User-defined gestural interaction: A study on gesture memorization

In this paper we study the memorization of user created gestures for 3DUI. Wide public applications mostly use standardized gestures for interactions with simple contents. This work is motivated by two application cases for which a standardized approach is not possible and thus user specific or dedicated interfaces are needed. The first one is applications for people with limited sensory-motor abilities for whom generic interaction methods may not be adapted. The second one is creative arts applications, for which gesture freedom is part of the creative process. In this work, users are asked to create gestures for a set of tasks, in a specific phase, prior to using the system. We propose a user study to explore the question of gesture memorization. Gestures are recorded and recognized with a Hidden Markov Model. Results show that it seems difficult to recall more than two abstract gestures. Affordances strongly improve memorization whereas the use of colocalization has no significant effect.

Enhancement of stereoscopic comfort by fast control of frequency content with wavelet transform

As the scope of virtual reality applications including stereoscopic imaging becomes wider, it is quite clear that not every designer of a VR application thinks of its constraints in order to make a correct use of stereo. Stereoscopic imagery though not required can be a useful tool for depth perception. It is possible to limit the depth of field as shown by Perrin who has also undertaken research on the link between the ability of fusing stereoscopic images (stereopsis) and local disparity and spatial frequency content. We will show how we can extend and enhance this work especially on the computational complexity point of view.
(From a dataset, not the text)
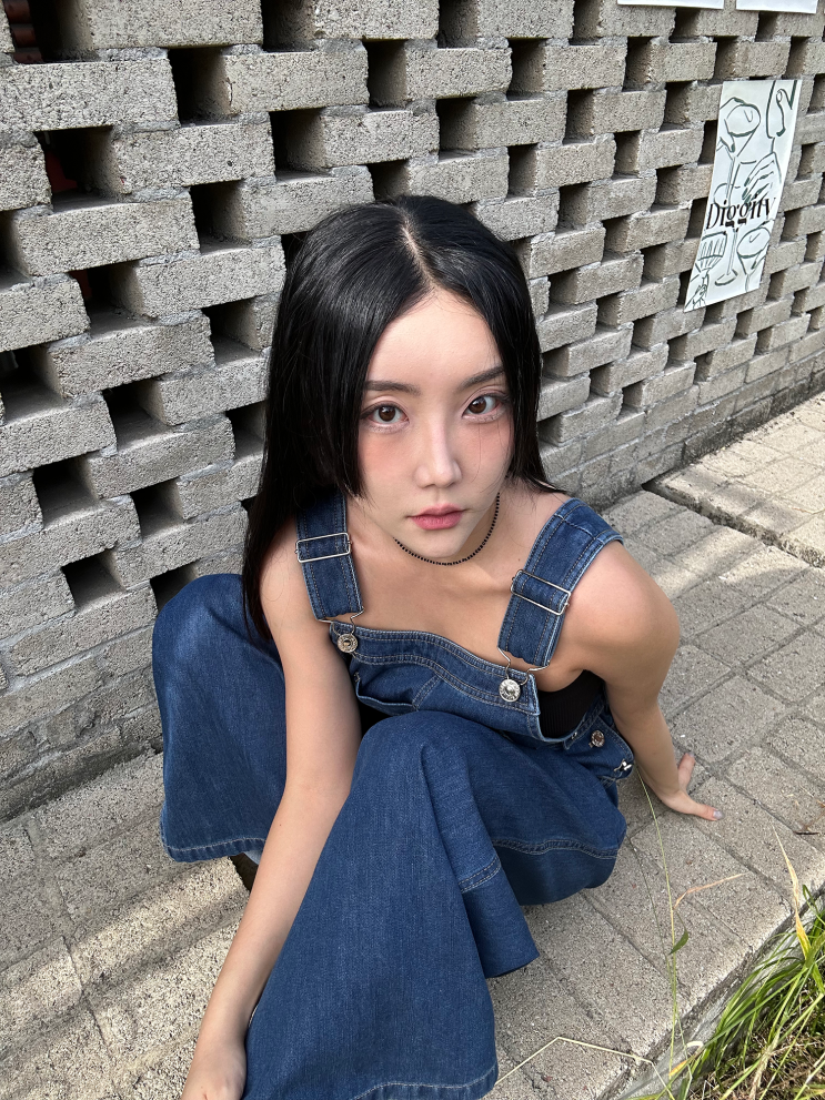 데님오버롤팬츠 SJYP 멜빵바지 입고 썸머피크닉룩 하기

The wavelet theory allows us to define a local spatial frequency and then a local measure of stereoscopic comfort. This measure is based on local spatial frequency and disparity as well as on the observations made by Woepking. Local comfort estimation allows us to propose several filtering methods to enhance this comfort. The idea to modify the images such as they check a “stereoscopic comfort condition” defined as a threshold for the stereoscopic comfort condition. More technically, we seek to limit high spatial frequency content when disparity is high thanks to the use of fast algorithms.